WHAT YOU NEED TO DO: Taking the data below, please print only the lines from the line holding "华欧淀粉生产线上 农户正在倾倒新产马铃薯 记者杨希/摄" to the line holding "我:挺好的!课堂上好好学习专", inclusive, with pictures omitted.

GIVEN INFORMATION:
== == ==
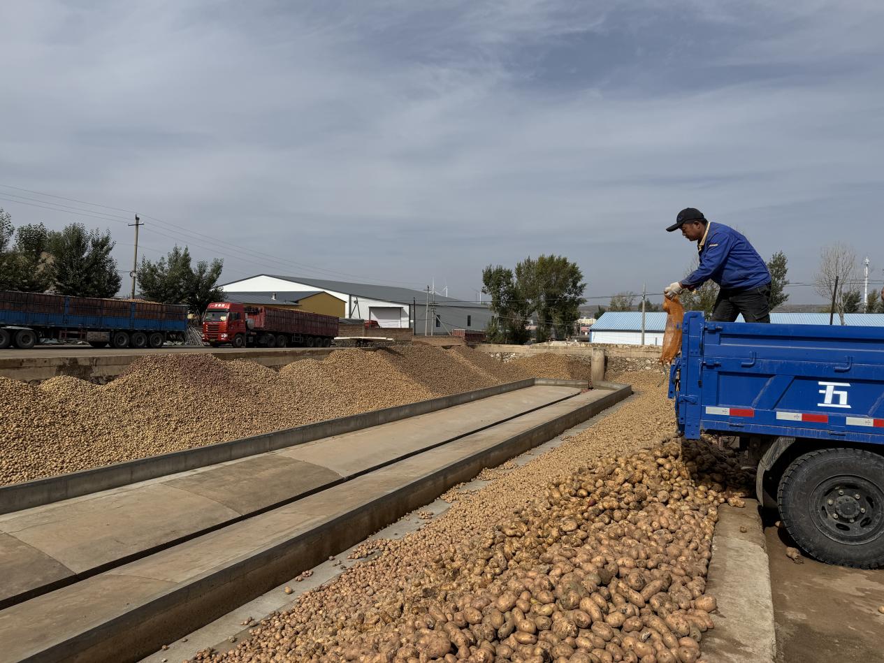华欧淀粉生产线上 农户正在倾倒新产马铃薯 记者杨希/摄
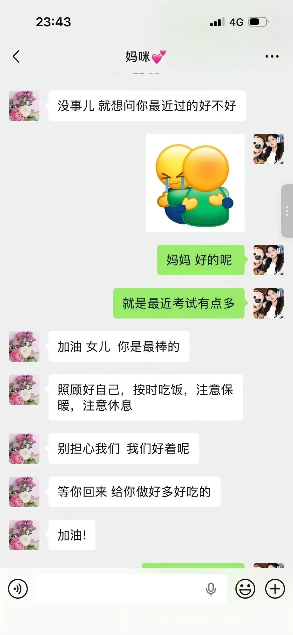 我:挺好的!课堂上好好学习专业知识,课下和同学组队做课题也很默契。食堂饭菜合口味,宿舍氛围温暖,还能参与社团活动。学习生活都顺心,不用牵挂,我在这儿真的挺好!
== == ==
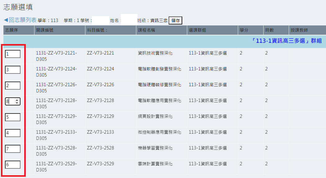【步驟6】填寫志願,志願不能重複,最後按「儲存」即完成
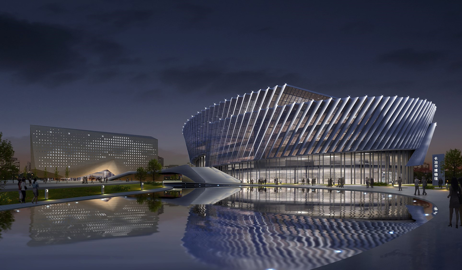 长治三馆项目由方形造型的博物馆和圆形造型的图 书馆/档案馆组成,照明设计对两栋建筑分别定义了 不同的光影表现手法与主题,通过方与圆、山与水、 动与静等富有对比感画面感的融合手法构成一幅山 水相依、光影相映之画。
== == ==
SOLUTION:
华欧淀粉生产线上 农户正在倾倒新产马铃薯 记者杨希/摄
 我:挺好的!课堂上好好学习专业知识,课下和同学组队做课题也很默契。食堂饭菜合口味,宿舍氛围温暖,还能参与社团活动。学习生活都顺心,不用牵挂,我在这儿真的挺好!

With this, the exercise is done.